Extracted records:
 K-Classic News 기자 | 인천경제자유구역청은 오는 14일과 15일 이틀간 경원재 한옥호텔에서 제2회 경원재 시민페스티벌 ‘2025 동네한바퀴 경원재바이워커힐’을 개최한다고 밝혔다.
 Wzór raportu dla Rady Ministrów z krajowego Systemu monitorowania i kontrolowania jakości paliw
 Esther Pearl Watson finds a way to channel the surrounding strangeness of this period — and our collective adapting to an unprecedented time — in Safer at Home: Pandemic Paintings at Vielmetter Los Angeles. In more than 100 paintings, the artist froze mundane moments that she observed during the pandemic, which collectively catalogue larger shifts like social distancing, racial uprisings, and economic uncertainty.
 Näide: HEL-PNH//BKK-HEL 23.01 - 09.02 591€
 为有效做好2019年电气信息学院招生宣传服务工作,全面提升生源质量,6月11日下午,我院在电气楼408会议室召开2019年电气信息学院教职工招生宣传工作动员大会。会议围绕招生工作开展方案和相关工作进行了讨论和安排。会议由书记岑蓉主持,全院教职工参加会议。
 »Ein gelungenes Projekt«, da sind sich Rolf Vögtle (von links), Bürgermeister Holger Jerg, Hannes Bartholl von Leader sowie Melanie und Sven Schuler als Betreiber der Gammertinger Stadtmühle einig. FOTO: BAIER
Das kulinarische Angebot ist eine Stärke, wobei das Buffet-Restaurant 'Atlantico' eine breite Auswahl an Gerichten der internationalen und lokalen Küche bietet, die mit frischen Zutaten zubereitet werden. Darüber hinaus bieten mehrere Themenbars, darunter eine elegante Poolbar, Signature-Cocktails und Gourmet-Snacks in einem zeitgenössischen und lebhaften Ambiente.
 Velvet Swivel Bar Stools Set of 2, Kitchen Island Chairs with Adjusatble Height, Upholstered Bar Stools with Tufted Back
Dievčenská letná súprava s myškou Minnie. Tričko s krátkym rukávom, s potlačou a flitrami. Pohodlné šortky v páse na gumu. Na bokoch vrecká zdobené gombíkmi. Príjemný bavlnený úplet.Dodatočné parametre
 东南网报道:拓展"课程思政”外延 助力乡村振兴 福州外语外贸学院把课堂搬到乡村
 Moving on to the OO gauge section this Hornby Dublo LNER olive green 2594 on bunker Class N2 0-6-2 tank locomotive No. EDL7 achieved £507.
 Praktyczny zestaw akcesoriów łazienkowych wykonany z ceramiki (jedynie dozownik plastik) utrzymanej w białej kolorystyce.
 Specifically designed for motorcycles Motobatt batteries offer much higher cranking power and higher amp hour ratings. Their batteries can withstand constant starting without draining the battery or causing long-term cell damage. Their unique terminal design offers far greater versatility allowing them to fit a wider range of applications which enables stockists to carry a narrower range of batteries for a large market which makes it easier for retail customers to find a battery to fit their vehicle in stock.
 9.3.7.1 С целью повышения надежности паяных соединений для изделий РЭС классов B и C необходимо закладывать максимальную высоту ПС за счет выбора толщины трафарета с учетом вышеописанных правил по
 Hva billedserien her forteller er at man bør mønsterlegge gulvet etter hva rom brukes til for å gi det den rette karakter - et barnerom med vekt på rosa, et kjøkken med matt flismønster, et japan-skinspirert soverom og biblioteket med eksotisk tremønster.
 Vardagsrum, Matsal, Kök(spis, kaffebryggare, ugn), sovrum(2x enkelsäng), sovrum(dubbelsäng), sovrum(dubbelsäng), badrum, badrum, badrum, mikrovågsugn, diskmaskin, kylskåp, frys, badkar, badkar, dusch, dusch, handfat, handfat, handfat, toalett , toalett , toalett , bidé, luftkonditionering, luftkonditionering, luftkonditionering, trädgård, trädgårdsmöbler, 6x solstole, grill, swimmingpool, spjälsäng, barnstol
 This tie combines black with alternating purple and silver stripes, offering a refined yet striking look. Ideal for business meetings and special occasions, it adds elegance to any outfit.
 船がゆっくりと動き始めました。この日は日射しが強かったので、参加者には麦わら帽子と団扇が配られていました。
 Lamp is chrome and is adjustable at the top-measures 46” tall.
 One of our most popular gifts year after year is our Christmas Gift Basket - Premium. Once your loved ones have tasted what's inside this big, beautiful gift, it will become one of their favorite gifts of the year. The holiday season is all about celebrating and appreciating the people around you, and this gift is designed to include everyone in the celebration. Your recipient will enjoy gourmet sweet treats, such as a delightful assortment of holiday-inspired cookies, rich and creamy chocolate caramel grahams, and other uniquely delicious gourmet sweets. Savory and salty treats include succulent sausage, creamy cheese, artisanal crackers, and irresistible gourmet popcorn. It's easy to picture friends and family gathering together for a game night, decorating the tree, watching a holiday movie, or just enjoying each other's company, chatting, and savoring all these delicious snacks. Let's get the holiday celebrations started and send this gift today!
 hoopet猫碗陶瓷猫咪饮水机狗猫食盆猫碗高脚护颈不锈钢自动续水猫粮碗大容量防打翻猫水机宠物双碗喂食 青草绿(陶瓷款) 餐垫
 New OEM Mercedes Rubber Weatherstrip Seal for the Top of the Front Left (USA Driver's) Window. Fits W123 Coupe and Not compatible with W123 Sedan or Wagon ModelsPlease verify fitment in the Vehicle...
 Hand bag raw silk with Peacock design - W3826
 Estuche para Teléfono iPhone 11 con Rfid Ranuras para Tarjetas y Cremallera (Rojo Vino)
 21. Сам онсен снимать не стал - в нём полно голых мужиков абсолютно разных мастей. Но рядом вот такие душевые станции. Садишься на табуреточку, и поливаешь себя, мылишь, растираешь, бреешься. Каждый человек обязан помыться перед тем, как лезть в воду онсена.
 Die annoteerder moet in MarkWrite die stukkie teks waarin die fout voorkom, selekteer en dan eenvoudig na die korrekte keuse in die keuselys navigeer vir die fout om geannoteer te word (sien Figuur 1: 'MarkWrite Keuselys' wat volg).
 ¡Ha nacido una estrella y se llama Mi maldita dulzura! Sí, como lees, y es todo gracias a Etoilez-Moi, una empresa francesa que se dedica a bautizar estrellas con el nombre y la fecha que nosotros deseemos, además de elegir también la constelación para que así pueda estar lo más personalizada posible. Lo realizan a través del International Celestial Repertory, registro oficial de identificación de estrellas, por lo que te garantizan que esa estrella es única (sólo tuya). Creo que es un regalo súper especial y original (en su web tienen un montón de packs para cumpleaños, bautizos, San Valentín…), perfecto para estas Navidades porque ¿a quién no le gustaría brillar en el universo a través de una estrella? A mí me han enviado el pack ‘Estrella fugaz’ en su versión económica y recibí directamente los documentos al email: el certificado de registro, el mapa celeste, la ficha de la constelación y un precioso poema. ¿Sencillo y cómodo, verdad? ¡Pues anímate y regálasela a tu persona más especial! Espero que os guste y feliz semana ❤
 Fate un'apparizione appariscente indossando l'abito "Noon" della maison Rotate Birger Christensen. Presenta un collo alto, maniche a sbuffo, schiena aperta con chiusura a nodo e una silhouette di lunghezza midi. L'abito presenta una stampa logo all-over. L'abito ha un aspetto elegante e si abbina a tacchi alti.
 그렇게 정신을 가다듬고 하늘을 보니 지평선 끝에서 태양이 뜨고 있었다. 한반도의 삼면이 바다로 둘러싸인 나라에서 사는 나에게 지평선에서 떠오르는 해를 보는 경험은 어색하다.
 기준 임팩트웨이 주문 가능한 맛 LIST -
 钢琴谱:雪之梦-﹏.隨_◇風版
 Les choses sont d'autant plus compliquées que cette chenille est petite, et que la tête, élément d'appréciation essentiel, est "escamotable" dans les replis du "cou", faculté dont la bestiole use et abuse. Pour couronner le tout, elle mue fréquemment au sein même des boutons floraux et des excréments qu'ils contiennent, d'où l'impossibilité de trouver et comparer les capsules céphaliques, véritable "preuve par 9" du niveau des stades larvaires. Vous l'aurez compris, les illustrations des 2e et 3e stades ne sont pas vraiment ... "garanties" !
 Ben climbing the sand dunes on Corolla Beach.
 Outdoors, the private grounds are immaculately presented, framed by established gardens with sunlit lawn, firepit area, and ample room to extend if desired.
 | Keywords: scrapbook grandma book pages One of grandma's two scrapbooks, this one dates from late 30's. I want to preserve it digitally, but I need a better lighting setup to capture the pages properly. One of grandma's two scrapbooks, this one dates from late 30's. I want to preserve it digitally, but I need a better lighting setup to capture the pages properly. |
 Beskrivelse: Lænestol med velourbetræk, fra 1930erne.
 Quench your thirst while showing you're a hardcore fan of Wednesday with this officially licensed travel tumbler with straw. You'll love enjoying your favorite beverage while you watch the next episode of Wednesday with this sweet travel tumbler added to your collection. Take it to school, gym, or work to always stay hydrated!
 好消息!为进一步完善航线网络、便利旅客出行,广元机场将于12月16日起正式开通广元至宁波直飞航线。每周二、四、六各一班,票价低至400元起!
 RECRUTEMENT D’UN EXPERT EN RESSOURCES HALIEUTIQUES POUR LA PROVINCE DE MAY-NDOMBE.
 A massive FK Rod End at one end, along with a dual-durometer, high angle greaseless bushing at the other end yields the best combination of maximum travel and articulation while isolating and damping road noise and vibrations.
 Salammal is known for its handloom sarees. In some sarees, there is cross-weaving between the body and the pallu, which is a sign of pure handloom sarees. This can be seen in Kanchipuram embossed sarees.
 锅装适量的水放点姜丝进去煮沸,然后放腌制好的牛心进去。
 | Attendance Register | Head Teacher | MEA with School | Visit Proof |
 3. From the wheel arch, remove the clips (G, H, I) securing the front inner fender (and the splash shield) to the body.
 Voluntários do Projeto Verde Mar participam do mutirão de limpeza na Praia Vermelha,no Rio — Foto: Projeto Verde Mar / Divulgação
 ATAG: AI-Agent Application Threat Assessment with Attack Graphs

* _EXERCISE_:
Start with the line above that contains "Das kulinarische Angebot" and stop after the line that contains "Hva billedserien her". Output those lines exactly, and only those.

* _SOLUTION TO THE EXERCISE_:
Das kulinarische Angebot ist eine Stärke, wobei das Buffet-Restaurant 'Atlantico' eine breite Auswahl an Gerichten der internationalen und lokalen Küche bietet, die mit frischen Zutaten zubereitet werden. Darüber hinaus bieten mehrere Themenbars, darunter eine elegante Poolbar, Signature-Cocktails und Gourmet-Snacks in einem zeitgenössischen und lebhaften Ambiente.
 Velvet Swivel Bar Stools Set of 2, Kitchen Island Chairs with Adjusatble Height, Upholstered Bar Stools with Tufted Back
Dievčenská letná súprava s myškou Minnie. Tričko s krátkym rukávom, s potlačou a flitrami. Pohodlné šortky v páse na gumu. Na bokoch vrecká zdobené gombíkmi. Príjemný bavlnený úplet.Dodatočné parametre
 东南网报道:拓展"课程思政”外延 助力乡村振兴 福州外语外贸学院把课堂搬到乡村
 Moving on to the OO gauge section this Hornby Dublo LNER olive green 2594 on bunker Class N2 0-6-2 tank locomotive No. EDL7 achieved £507.
 Praktyczny zestaw akcesoriów łazienkowych wykonany z ceramiki (jedynie dozownik plastik) utrzymanej w białej kolorystyce.
 Specifically designed for motorcycles Motobatt batteries offer much higher cranking power and higher amp hour ratings. Their batteries can withstand constant starting without draining the battery or causing long-term cell damage. Their unique terminal design offers far greater versatility allowing them to fit a wider range of applications which enables stockists to carry a narrower range of batteries for a large market which makes it easier for retail customers to find a battery to fit their vehicle in stock.
 9.3.7.1 С целью повышения надежности паяных соединений для изделий РЭС классов B и C необходимо закладывать максимальную высоту ПС за счет выбора толщины трафарета с учетом вышеописанных правил по
 Hva billedserien her forteller er at man bør mønsterlegge gulvet etter hva rom brukes til for å gi det den rette karakter - et barnerom med vekt på rosa, et kjøkken med matt flismønster, et japan-skinspirert soverom og biblioteket med eksotisk tremønster.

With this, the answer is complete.